Thursday, February 21, 2008

Birds and Bats

We're like in our own little treehouse with wall to wall windows looking out into the fourth floor level of trees. There are lots of birds - we hear a lot more than we see, and see lot more than we can catch with the camera - and last night we noticed all these birds flying into the tree, but they weren't birds. You can see this bird's long tail, but not the head. I think it's in the magpie/treepie family. Dianne? Catherine? Is there enough here to identify? The tail is so distinctive. It was probably 2 feet long from tip of the head to end of the tail. Maybe longer.

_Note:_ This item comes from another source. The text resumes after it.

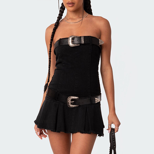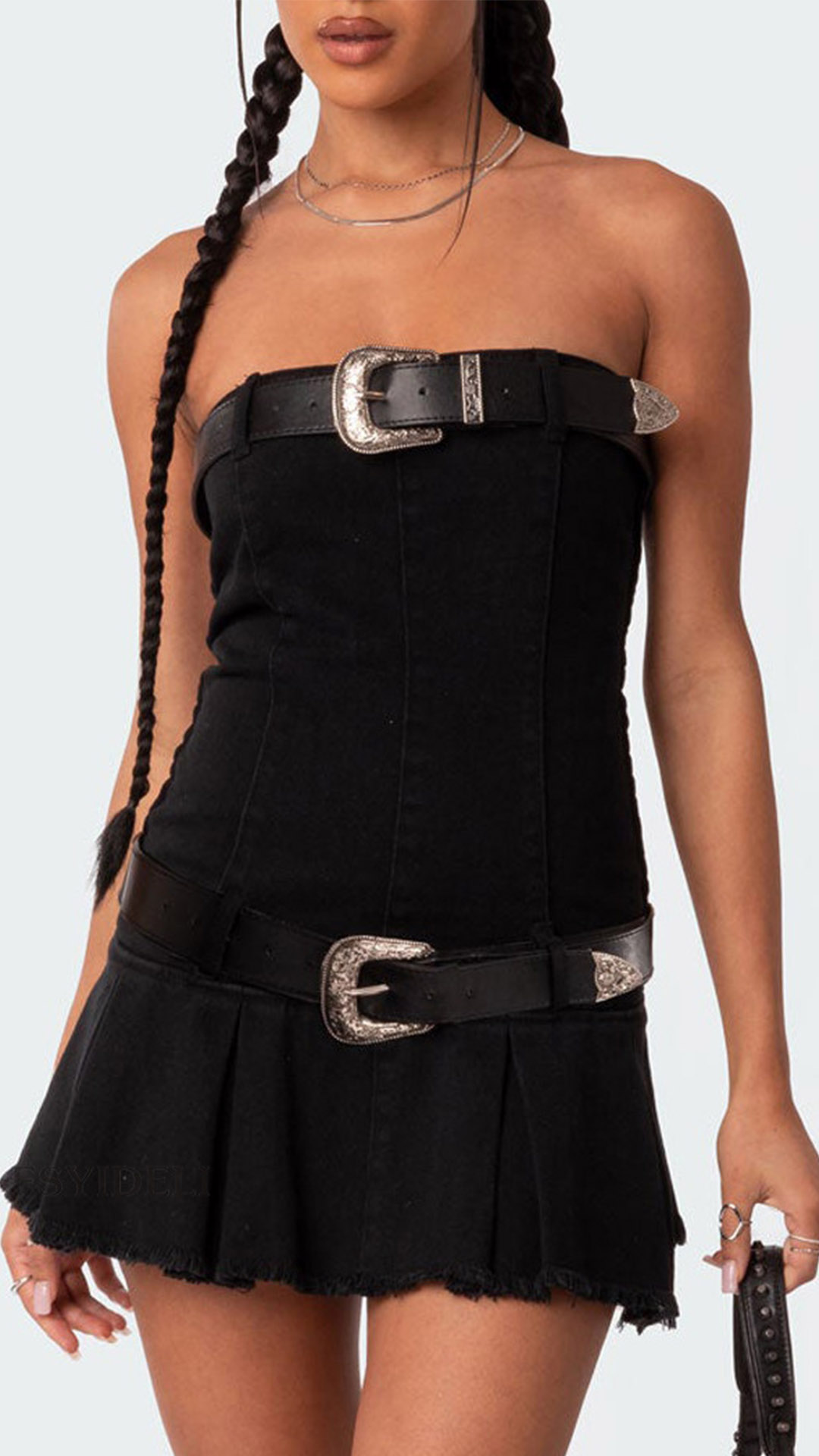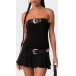 This head-turning mini dress is a captivating blend of allure and sophistication. The key features of this ensemble include a strapless, bodycon silhouette, a flirtatious ruffle detail, and a belt, creating a sultry and figure-flattering look.

Then yesterday night there were maybe 20 or 30 bats swooping back and forth just beyond our balcony and in the trees. You could hear the wings hitting the leaves. Otherwise they were silent. So I put it on flash and the child/animal setting and started taking pictures. I got a bunch like this one of the trees but with no obvious bats. You can see the fruit in the tree (like usual, you can double click to enlarge the pictures) if you look carefully and the way the were sometimes hovering I assume they were going after the fruit. I couldn't tell for sure what kind of fruit it is.

Then, I finally got one. There's a way to get rid of red eye on people, but there's no way to get rid of white eye I know of, on animals. This seems to happen with dogs (the fox I got at Elmendorf last August had this in the flash picture) and bats. How are their eyes different from human eyes that the flash reflection is different? But that's pretty much all you can see of this bat.

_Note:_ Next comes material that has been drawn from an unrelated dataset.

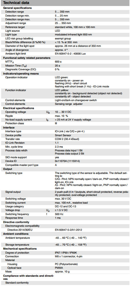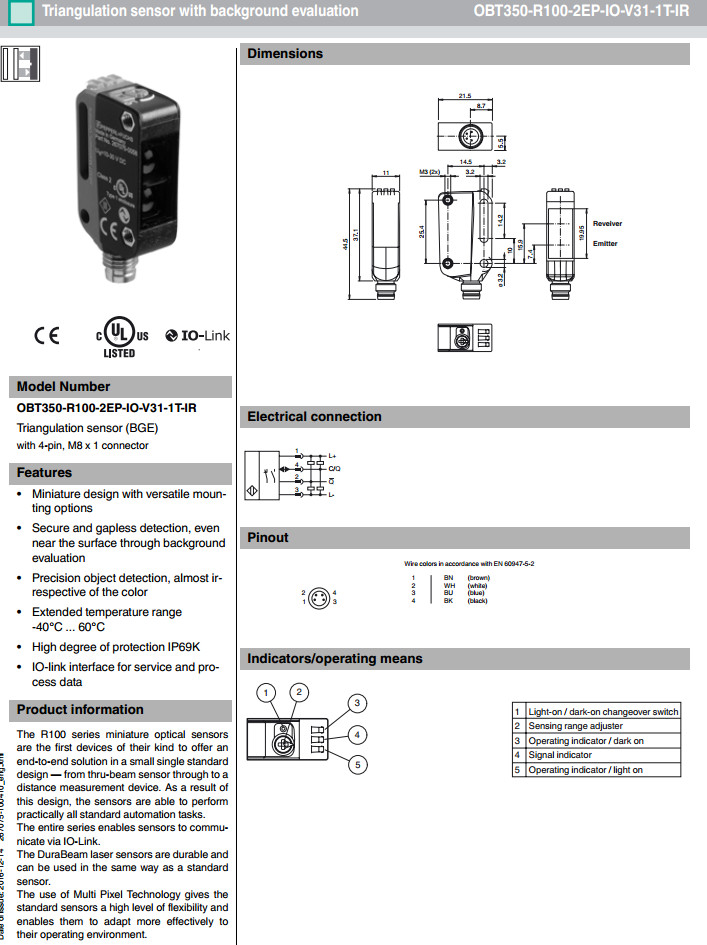 OBT350-R100-2EP-IO-V31-1T-IR漫反射型傳感器

Finally, bingo, I got the whole bat. First you see the eyes, but then you can see the whole animal in flight. I'd say there were 18 - 24 inches in wingspan. Very cool watching them fly around. If you are ever in Portland, Oregon, the zoo there has a bat exhibit with special lighting so you can see the bats clearly flying around, hanging around, and various states in between.

[2/21/08 My son emailed me this:

In mammals, the rods and cones actually face backwards, towards the retina. Dogs and cats have a retroreflective layer in their retina which reflects light back into the rods and cones, improving their night vision.

(retroreflective means reflects back in the same direction it came from. you can get the same effect from the inside of the corner of a cube with shiny sides)]

1 comment:

  1. Your son knows this because he and I were asking the very same question you were about getting rid of "green eye" in pictures of dogs a few years back. We spent the better part of an evening googling it. We lost interest in "photoshop" aspect pretty quickly, but the issue of why the reflection is a different color than in humans is fascinating.